In [1]:
import metapy
import pandas as pd
import time
from numpy.random import shuffle

Load json dataset, save text and labels in separate files (line corpus format) - can be done only once

In [2]:
%%time
path=''
file='kindle_reviews.json'
df = pd.read_json(path_or_buf=path+file, lines=True, encoding='utf-8')    #, orient=None, typ='frame', dtype=True, convert_axes=True, convert_dates=True, keep_default_dates=True, numpy=False, precise_float=False, date_unit=None, encoding=None, chunksize=None, compression='infer')
print('Length of text: {}'.format(len(df)))

Length of text: 982619
Wall time: 13.3 s


In [3]:
df.head()

Unnamed: 0,asin,helpful,overall,reviewText,reviewTime,reviewerID,reviewerName,summary,unixReviewTime
0,B000F83SZQ,"[0, 0]",5,I enjoy vintage books and movies so I enjoyed ...,"05 5, 2014",A1F6404F1VG29J,Avidreader,Nice vintage story,1399248000
1,B000F83SZQ,"[2, 2]",4,This book is a reissue of an old one; the auth...,"01 6, 2014",AN0N05A9LIJEQ,critters,Different...,1388966400
2,B000F83SZQ,"[2, 2]",4,This was a fairly interesting read. It had ol...,"04 4, 2014",A795DMNCJILA6,dot,Oldie,1396569600
3,B000F83SZQ,"[1, 1]",5,I'd never read any of the Amy Brewster mysteri...,"02 19, 2014",A1FV0SX13TWVXQ,"Elaine H. Turley ""Montana Songbird""",I really liked it.,1392768000
4,B000F83SZQ,"[0, 1]",4,"If you like period pieces - clothing, lingo, y...","03 19, 2014",A3SPTOKDG7WBLN,Father Dowling Fan,Period Mystery,1395187200


In [4]:
df_text = df[['reviewText', 'overall']].copy()        # copy only certain columns to another df
df = None
df_text['overall'] = df_text['overall'].apply(lambda x: 'pos' if x > 3 else 'neg' if x < 3 else 'mixed')

In [5]:
df_text.head()

Unnamed: 0,reviewText,overall
0,I enjoy vintage books and movies so I enjoyed ...,pos
1,This book is a reissue of an old one; the auth...,pos
2,This was a fairly interesting read. It had ol...,pos
3,I'd never read any of the Amy Brewster mysteri...,pos
4,"If you like period pieces - clothing, lingo, y...",pos


Create the corpus file and labels file on disk which will be used to build a forward index

In [6]:
%%time
df_text['reviewText'].to_csv('ceeaus2/ceeaus2.dat', header=False, index=False)
df_text['overall'].to_csv('ceeaus2/ceeaus2.dat.labels', header=False, index=False)

Wall time: 14.2 s


Create the configuration file for building the forward index which creates instructions on language feature construction

In [7]:
config = """stop-words = "lemur-stopwords.txt"

prefix = "."
dataset = "ceeaus2"
corpus = "line.toml"
index = "ceeaus2-idx"

[[analyzers]]
#method = "ngram-word"
#ngram = 1
#filter = "default-unigram-chain"

method = "ngram-word"
ngram = 1
    [[analyzers.filter]]
    type = "icu-tokenizer"
    
    [[analyzers.filter]]
    type = "lowercase"
    
    [[analyzers.filter]]
    type = "length"
    min = 1
    max = 35
    
    #[[analyzers.filter]]
    #type = "alpha"
    
    [[analyzers.filter]]
    type = "english-normalizer"    
"""
with open('ceeaus-config.toml', 'w') as f:
    f.write(config)

Save `ForwardIndex` to disk.

In [8]:
%%time
fidx = metapy.index.make_forward_index('ceeaus-config.toml')

Wall time: 59.9 s


In [9]:
# inverted index - not needed for these classifiers
#iidx = metapy.index.make_inverted_index('ceeaus-config.toml')

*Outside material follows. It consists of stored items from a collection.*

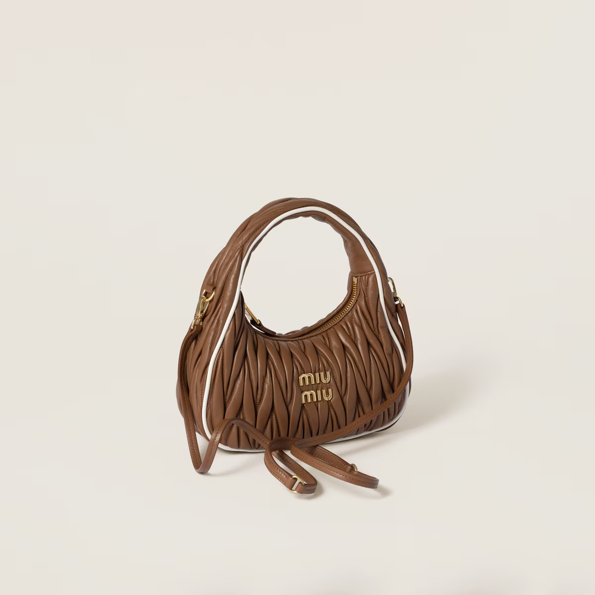 Miu Miu Wander Matelassé Nappa Quilted Lambskin Leather handbag Brown Crossbody Bags
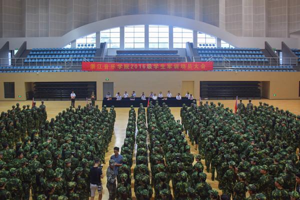 918日上午,我院2016级新生军训动员大会在体育馆隆重举行。学院党委副书记贾秀英,副院长杨九华,中国人民解放军驻杭某部队上尉、军训团团长周宇,有关部门负责人、各系副书记及承训部队教官出席动员大会。大会由学生工作部部长徐其虎主持。
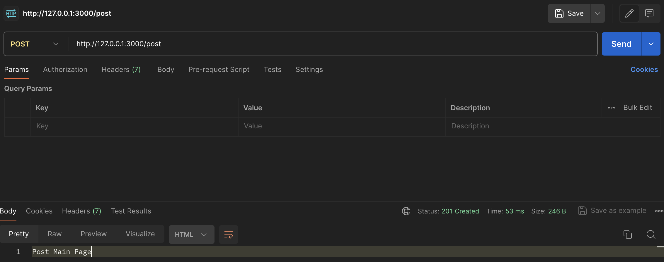 이번에는 /post 경로로 POST 요청을 보내면 Post Main Page라는 문자열을 보내도록 API를 작성해보도록 합시다.
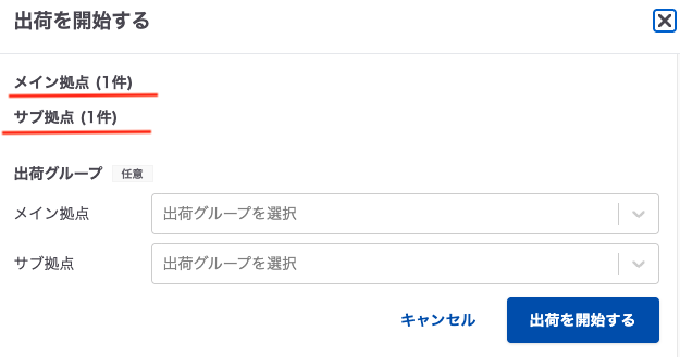 出荷開始時には、Shopifyのロケーションに紐づいた拠点が自動で選択されます。

The feature set used for classification depends on the settings in the configuration file _at the time of indexing_. Thus, if you change your `analyzer` pipeline (or other settings) - **reindex** your documents!

Decide what kind of dataset we're using - for binary classification (MeTA's `BinaryDataset`) or multi-class classification (`MulticlassDataset`). To see the number of labels:

In [10]:
fidx.num_labels()

3

Looks like we need a `MulticlassDataset` to predict which of these three labels a document should have (but if we are interested in one particular class only, we might use a `BinaryDataset`).

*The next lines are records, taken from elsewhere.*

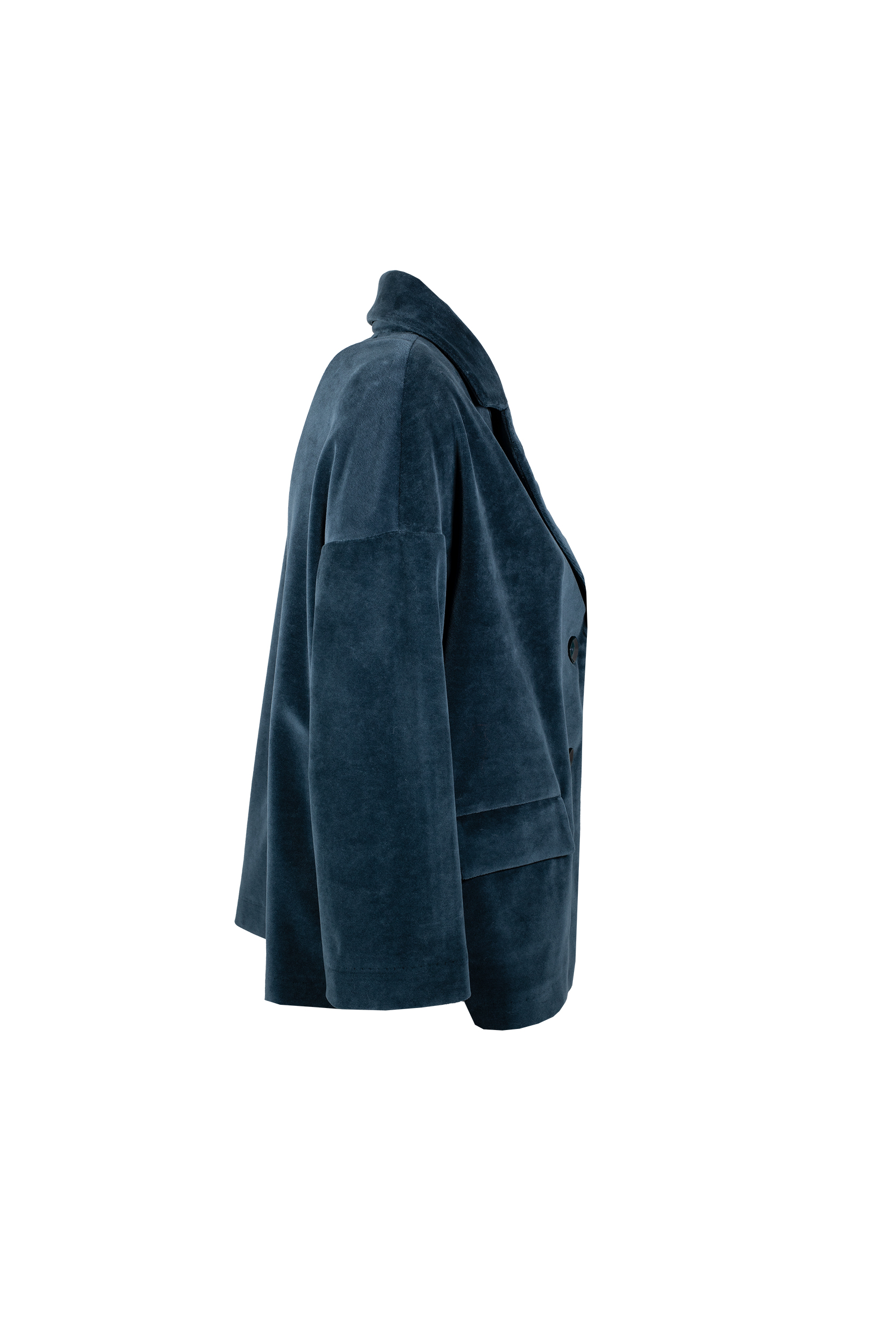 Caban in velluto liscio Chiusura a due bottoni Rever Due tasche a patta Materiale: Velluto Composizione: 80% Cotone 20% Poliestere
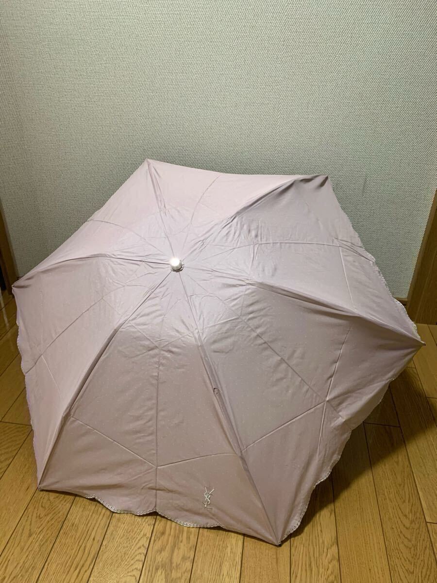 > イヴ・サンローラン 晴雨兼用 折りたたみ傘 UV ピンク 水玉 雨傘 日傘 中古 USED
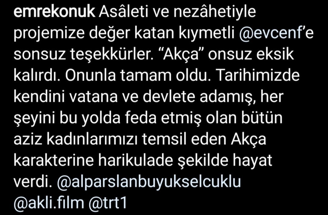 Написал е:"И батко Баръш. Толкова е забавно и приятно да работиш с този красив мъж, че не мога да ти опиша. И е по забавно да си двойник на този човек, защото той прави всичко сам. Благодаря за всичко Мелик АлпАрслан!

For now, let's focus on the multi-class case, as that likely makes the most sense for this kind of data. Since the dataset is small enough, we can load all documents into memory at once like this.

In [11]:
dset = metapy.classify.MulticlassDataset(fidx)
len(dset)

982619

Since datasets may be large, it's beneficial to avoid creating copies of them (e.g. to shuffle them) => you can operate with a `DatasetView` (`MulticlassDatasetView` or `BinaryDatasetView`) to shuffle or rotate the dataset without modifying it - use Python's slicing (will it really avoid a modification of both datasets?) or construct a view directly.

In [12]:
#view = dset[0:len(dset)+1]
# or
view = metapy.classify.MulticlassDatasetView(dset)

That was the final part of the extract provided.